Ammonite in sandstone

This piece of stone is a Jurassic fine-grained sandstone or sandy limestone, which may be from the Lias Group rock unit found on the Dorset coast, although it has a sandier appearance and rougher texture than the rocks usually found in this formation. If it is from the Dorset Lias formation, the rock is roughly 195 to 200 million years old, and the fossils it contains would be a species of Promicroceras ammonite, which are common along the Dorset coast.

Fossil of a Promicroceras ammonite.
Image: Ammojoe CC BY-SA 3.0 (Wikimedia Commons)

The bristleworm, Polydora ciliata. Image: Yale Peabody Museum of Natural History [CC0] (Wikimedia Commons)

 

 

 

 

 

 

The surface pattern of pores in the rock was made much more recently. They were probably made by a species of Polydora worm, probably Polydora ciliata. P. ciliata is a small, rock- or shell-boring worm which can grow up to 30mm (1 1/8 in.) long, and is also known as a bristleworm.

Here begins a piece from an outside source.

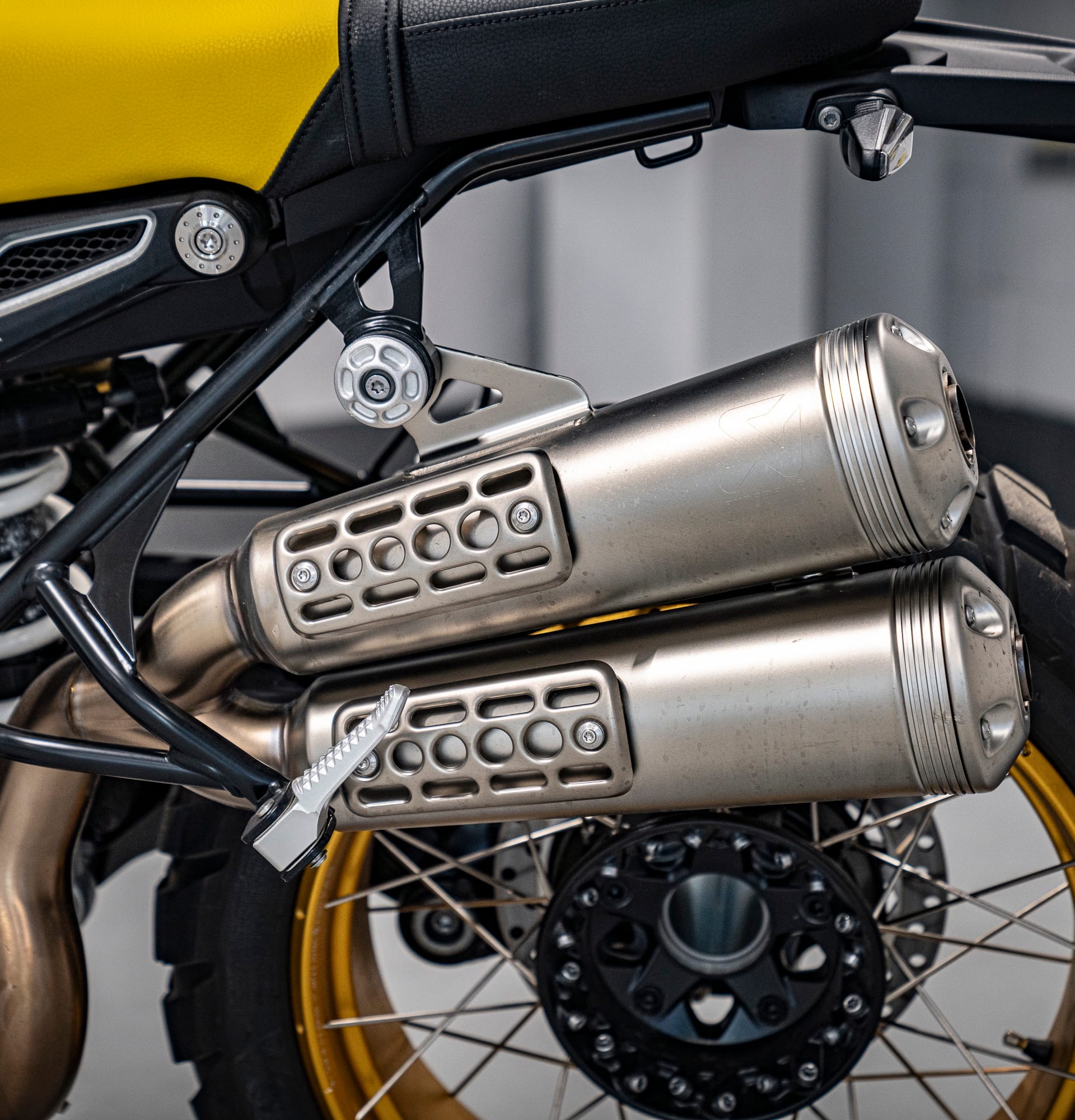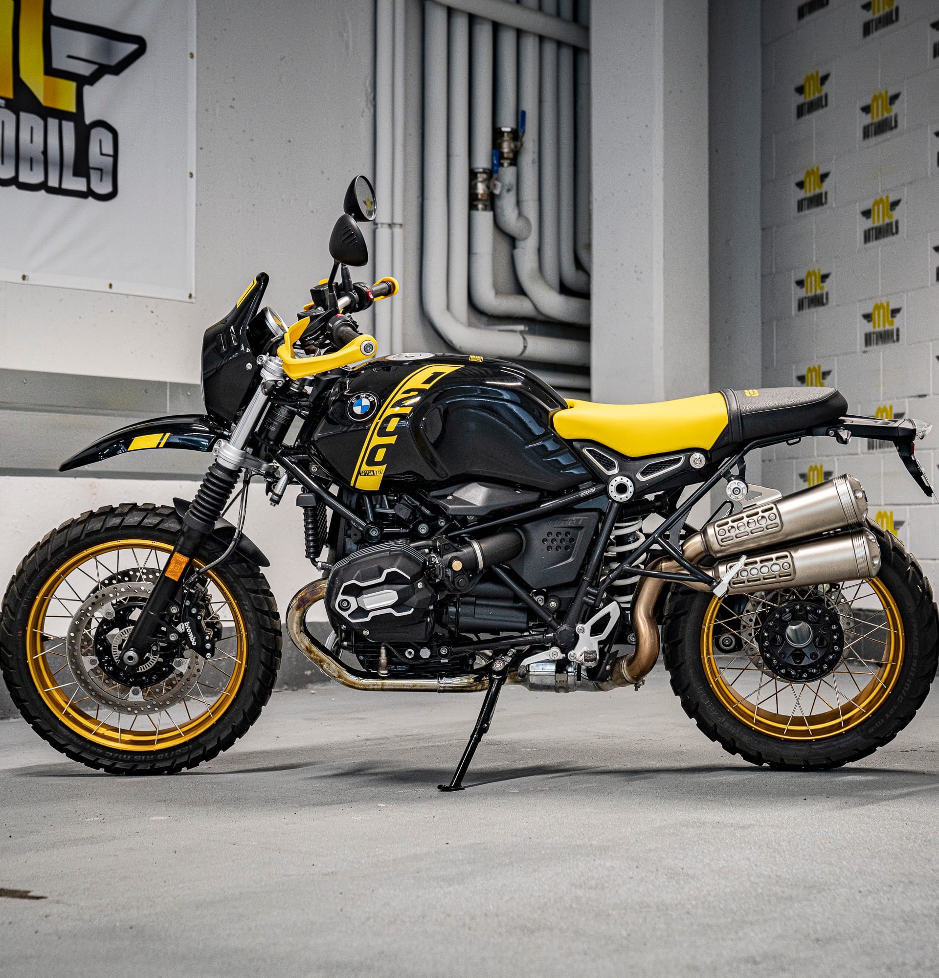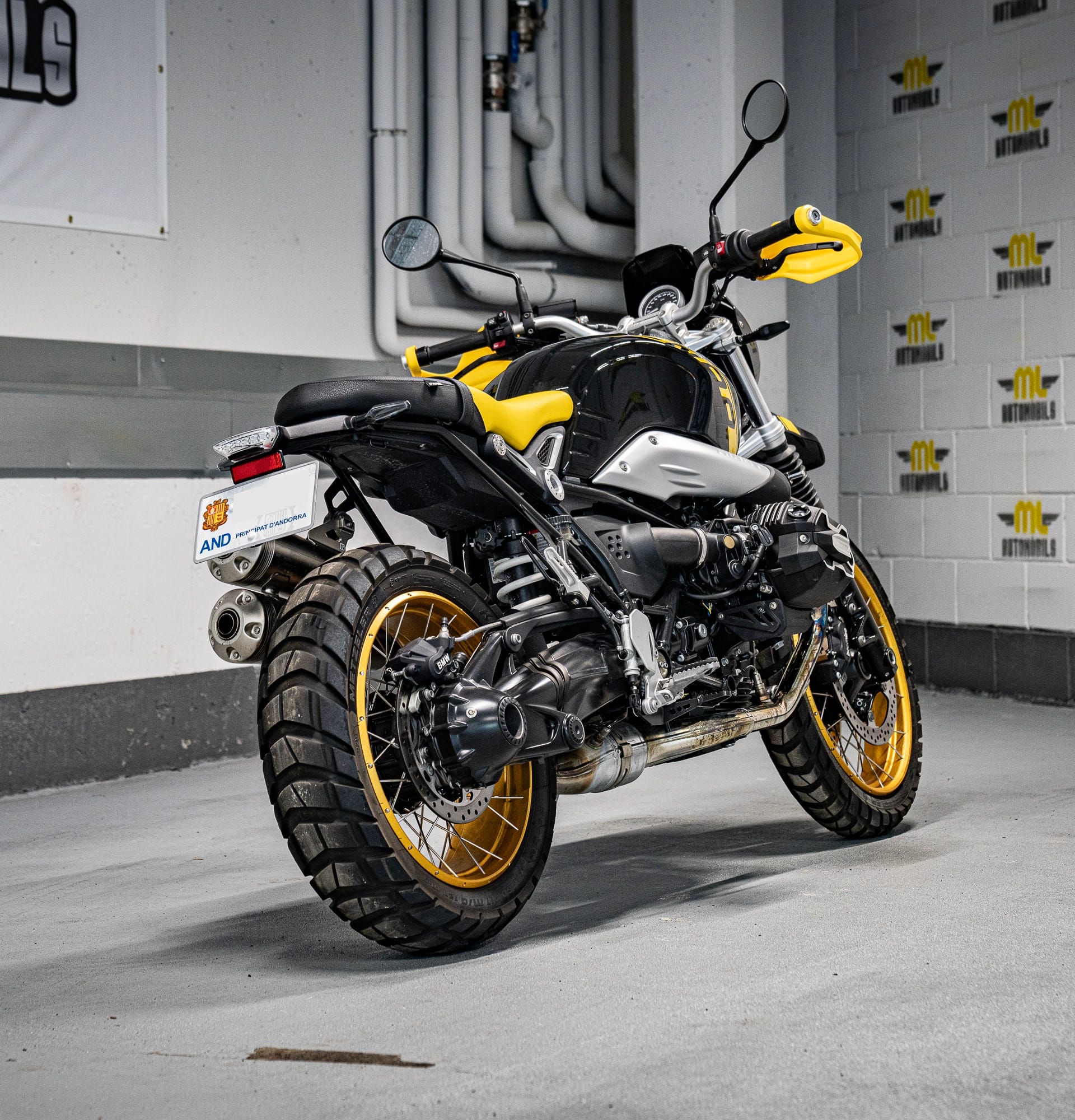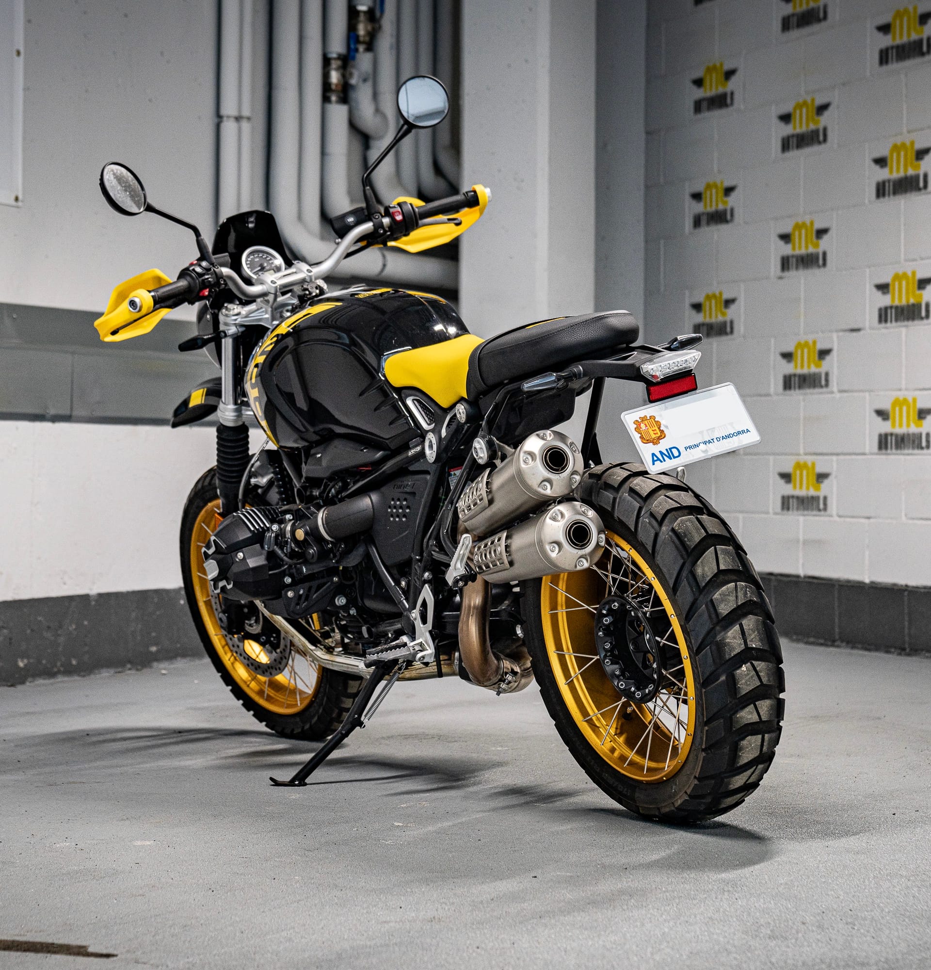 Moto única i legendaria, la “Edició 40 anys GS” de BMW Motorrad. Amb un disseny negre i groc que rendeix homenatge a les primeres enduro de viatge de la marca, aquesta R nineT Urban G/S captiva amb la seva aparença destacada. Les tapes del culat fresades de l’Opció 719 i el protector de mans grocs mostren la passió pels detalls. Els pneumàtics per a tot terreny i el sistema d’escapament Scrambler elevat complementen perfectament el seu aspecte. Una moto amb una història de 40 anys d’aventures per tot el món, capaç de conquerir qualsevol terreny i carretera amb valentia i força. No t’oblidis de l’inconfusible disseny inspirat en la llegendaria “Bumblebee”. Descobreix l’èxit i la passió que s’amaga darrera de la R nineT Urban G/S “Edició 40 anys GS”.

P. ciliata burrows in stone. Image: Rosser1954 CC BY-SA 3.0 (Wikimedia Commons)

Bristleworms are thought to burrow into rock or shell by scraping away at the surface using specialised bristles on the fifth segment of its body, although it may also secrete chemicals such as weak acid to help. It digs a U-shaped burrow, which appears on rocks as distinctive small slots or a ‘sunglasses’ shape.

 – James Lumbard, Natural Sciences Officer.